[oops, wrong from, resent...]
The culprit I found is "bgwriter", which is basically doing nothing to
prevent the coming checkpoint IO storm, even though there would be ample
time to write the accumulating dirty pages so that checkpoint would find a
clean field and pass in a blink. Indeed, at the end of the 500 seconds
throttled test, "pg_stat_bgwriter" says:
Are you doing pg_stat_reset_shared('bgwriter') after running pgbench -i?
Yes, I did.
You don't want your steady state stats polluted by the bulk load.
buffers_checkpoint = 19046
buffers_clean = 2995
Out of curiosity, what does buffers_backend show?
buffers_backend = 157
In any event, this almost certainly is a red herring.
Possibly. It is pretty easy to reproduce, though.
Whichever of the three ways are being used to write out the buffers, it
is the checkpointer that is responsible for fsyncing them, and that is
where your drama is almost certainly occurring. Writing out with one
path rather than a different isn't going to change things, unless you
change the fsync.
Well, I agree partially.
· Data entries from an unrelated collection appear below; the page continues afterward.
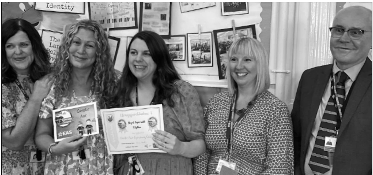
Achieving GOLD in recognition of our work to promote, use and develop Welsh language skills

Clytha enjoyed a very successful 'Languages Week' where the home languages of our children were celebrated. Clytha achieved the gold Cymraeg Campus Award recognising the hard work of staff and learners to promote, use and develop Welsh language skills. Clytha is the first English-Medium school in South-East Wales to have achieved this.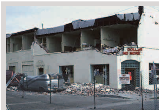
The upper wall of this unreinforced masonry building in Fillmore, California, collapsed and destroyed a parked vehicle during the 1994 Northridge earthquake. Unreinforced masonry buildings are especially susceptible to collapse or severe damage during strong earthquake shaking. Shaking-hazard maps can be used to determine if such buildings in a particular area need to be reinforced to make them safe in earthquakes.

A new series of national shaking-hazard maps was prepared by the USGS in 1996. Each of these maps shows the severity of expected earthquake shaking for a particular level of probability. For example, the map at the top of this page shows levels of earthquake shaking that have a 1-in-10 chance of being exceeded in a 50-year period. This new series of maps also depicts shaking using a number of different measures that engineers can readily apply to designing earthquake-resistant buildings of different heights.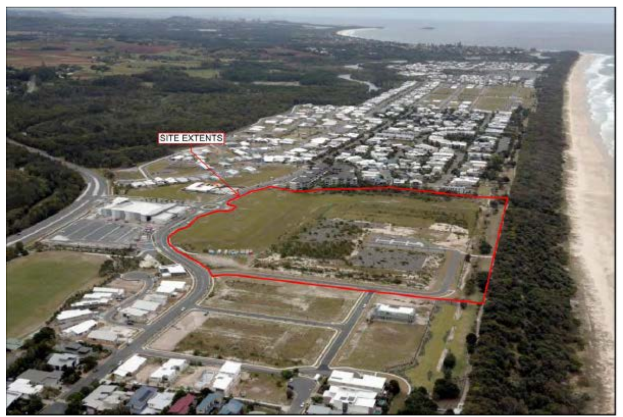
Figure 2 - MOD10 Site Location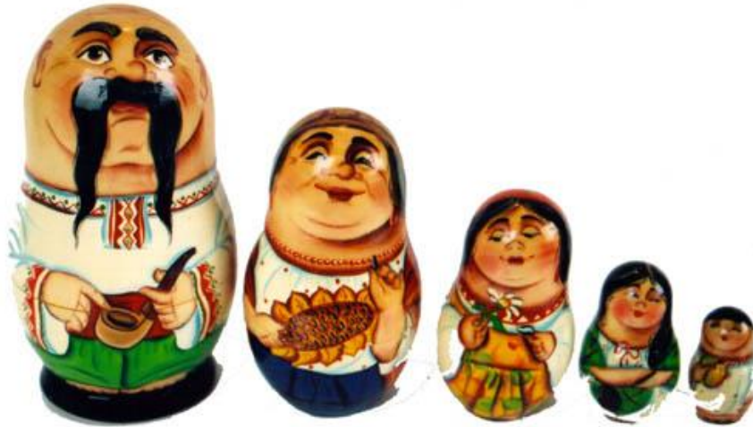
Polyomino, Polyomina, Polyo, Poly, and little Oly.

When, Polyo , wants to rebel from her claustrophobic family, she seeks out solitude to work on very Un-Babushka-like puzzles. That means she wants puzzles where the pieces DO NOT FIT INTO EACH OTHER!!! She feels rather strongly about this.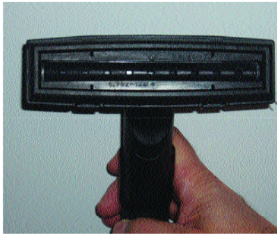
Tools with multiple steam ports provide even coverage.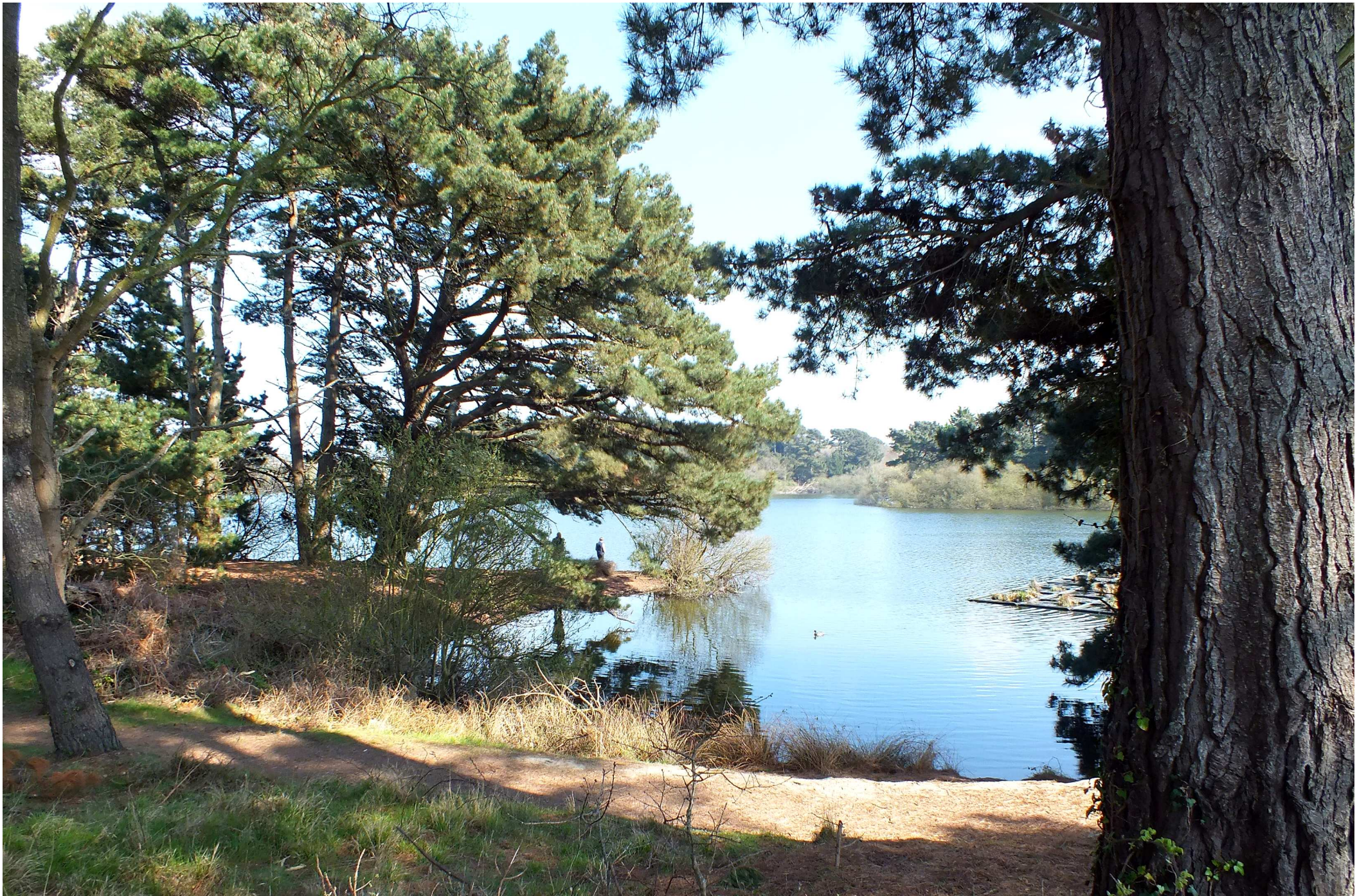
The Millennium Walk at St. Saviour's Reservoir

ISTM that the OS does not need to wait for fsync
to start writing pages if it is receiving one minute of buffer writes at
50 writes per second, I would have thought that some scheduler should
start handling the flow before fsync... So I thought that if bgwriter was
to write the buffers is would help, but maybe there is a better way.
Also, are you familiar with checkpoint_completion_target, and what is it
The default 0.5. Moving to 0.9 seems to worsen the situation.